В столовую превратили расположенную на цокольном этаже большую комнату для прислуги. Мои коллеги новобранцы уже кормились. Глазам предстала безрадостная, напоминающая монастырь сцена — каменный пол, деревянные скамьи, лучи вечернего солнца, льющиеся в разделенные вертикальными переплетами окна, сгорбившиеся над мисками с кашей похожие на монашеские фигуры. В мою сторону повернулись несколько голов, кто-то встретил новичка насмешливым приветствием. Я отыскал местечко рядом с малым по фамилии Бакстер, грубовато красивым брюнетом в лопавшейся по швам форме.
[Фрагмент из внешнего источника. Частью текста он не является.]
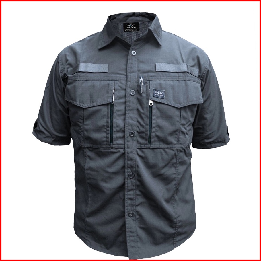 Custom Bordir Kemeja W-tac Tangan Pendek Pria Terbaru Kemeja Tactical Lapangan Bahan Ripstop Kemeja Taktikal Outdoor Kua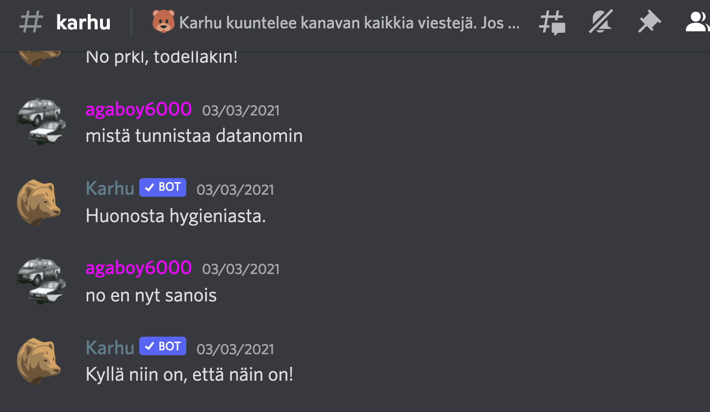 Tekstikanavalla ollessa mainitse Karhun nimi tai pingaa karhu, kun kysyt siltä. Voit myös nimetä tekstikanavan sisältämään sanan karhu, jolloin botin nimeä ei tarvitse mainita.

Он не замедлил представиться и так пожал руку, что у меня хрустнули пальцы. Потом попросил угадать, чем он занимался на «гражданке». Я высказал пару бесполезных догадок, на что он отвечал улыбкой и, прикрыв с длинными, как у женщины, ресницами глаза, радостно крутил головой. Оказалось, он торговец противозачаточными средствами. «Разъезжаю по всему свету — вы удивитесь, но на английские резинки огромный спрос. Что я делаю здесь? Видите ли, из-за иностранных языков; я могу говорить на шести языках — на семи, если считать хинди, который я не знаю». Суп, жидкое бурое хлебово с плавающими ромбиками жира, пах мокрой псиной. Бакстер жадно выхлебал жижу и, положив локти на стол, закурил сигарету. «А что скажете о себе? — спросил он, пуская облака дыма. — Чем занимаетесь? Нет, погодите, дайте угадать. Государственный чиновник? Учитель?» Когда я ему сказал, он, словно подумав, что я его разыгрываю, смущенно ухмыльнулся и переключил внимание на соседа с другой стороны. Спустя некоторое время снова повернулся ко мне, еще больше смущенный. «Черт побери, — тихо проговорил он, — я-то думал, что вы не того, да вот этот тип, — показывая глазами и мимикой на соседа, — вообще церковник-расстрига!»